# Exercise material
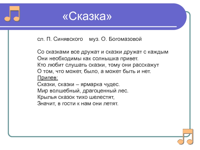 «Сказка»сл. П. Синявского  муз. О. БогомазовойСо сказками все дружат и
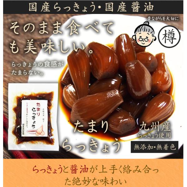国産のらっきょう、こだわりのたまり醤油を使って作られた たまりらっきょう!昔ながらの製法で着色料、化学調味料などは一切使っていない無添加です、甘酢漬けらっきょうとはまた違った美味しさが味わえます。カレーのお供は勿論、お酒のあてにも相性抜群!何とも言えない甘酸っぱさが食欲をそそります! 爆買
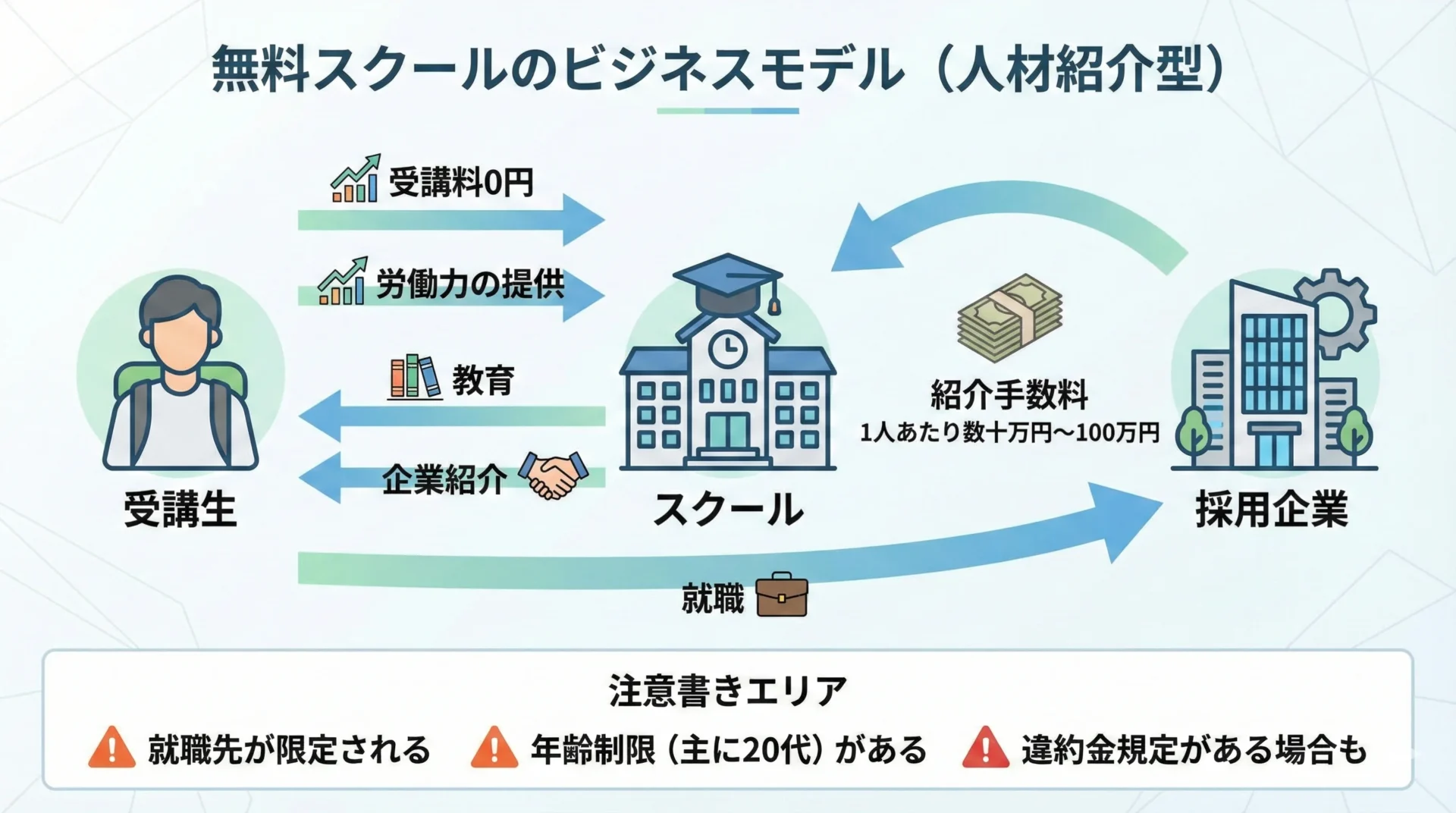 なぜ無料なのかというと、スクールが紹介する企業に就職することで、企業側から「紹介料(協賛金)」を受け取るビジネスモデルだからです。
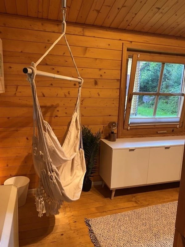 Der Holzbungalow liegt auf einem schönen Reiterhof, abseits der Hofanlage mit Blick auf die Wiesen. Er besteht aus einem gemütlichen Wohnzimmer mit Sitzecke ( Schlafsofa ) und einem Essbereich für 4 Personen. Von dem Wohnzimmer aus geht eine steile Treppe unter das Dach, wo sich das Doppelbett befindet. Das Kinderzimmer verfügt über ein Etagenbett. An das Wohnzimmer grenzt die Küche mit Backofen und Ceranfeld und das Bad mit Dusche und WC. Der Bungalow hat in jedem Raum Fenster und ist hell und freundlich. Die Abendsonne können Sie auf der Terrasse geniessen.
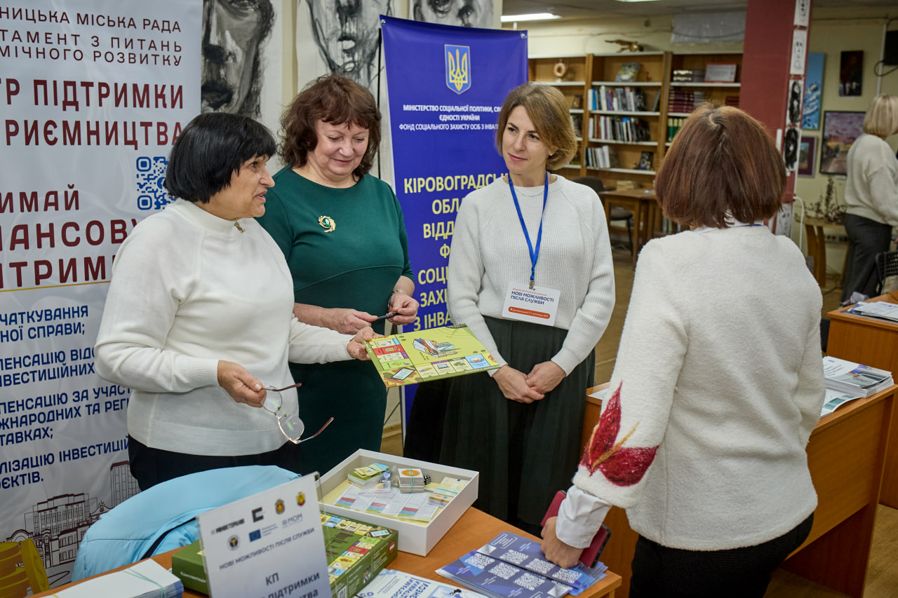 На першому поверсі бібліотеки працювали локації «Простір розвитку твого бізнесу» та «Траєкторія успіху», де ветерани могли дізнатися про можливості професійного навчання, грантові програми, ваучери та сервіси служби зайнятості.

# Task statement
Skip every picture and return the lines above from the top through the one that contains "なぜ無料なのかというと、スク".

# Output of the task
 «Сказка»сл. П. Синявского  муз. О. БогомазовойСо сказками все дружат и
国産のらっきょう、こだわりのたまり醤油を使って作られた たまりらっきょう!昔ながらの製法で着色料、化学調味料などは一切使っていない無添加です、甘酢漬けらっきょうとはまた違った美味しさが味わえます。カレーのお供は勿論、お酒のあてにも相性抜群!何とも言えない甘酸っぱさが食欲をそそります! 爆買
 なぜ無料なのかというと、スクールが紹介する企業に就職することで、企業側から「紹介料(協賛金)」を受け取るビジネスモデルだからです。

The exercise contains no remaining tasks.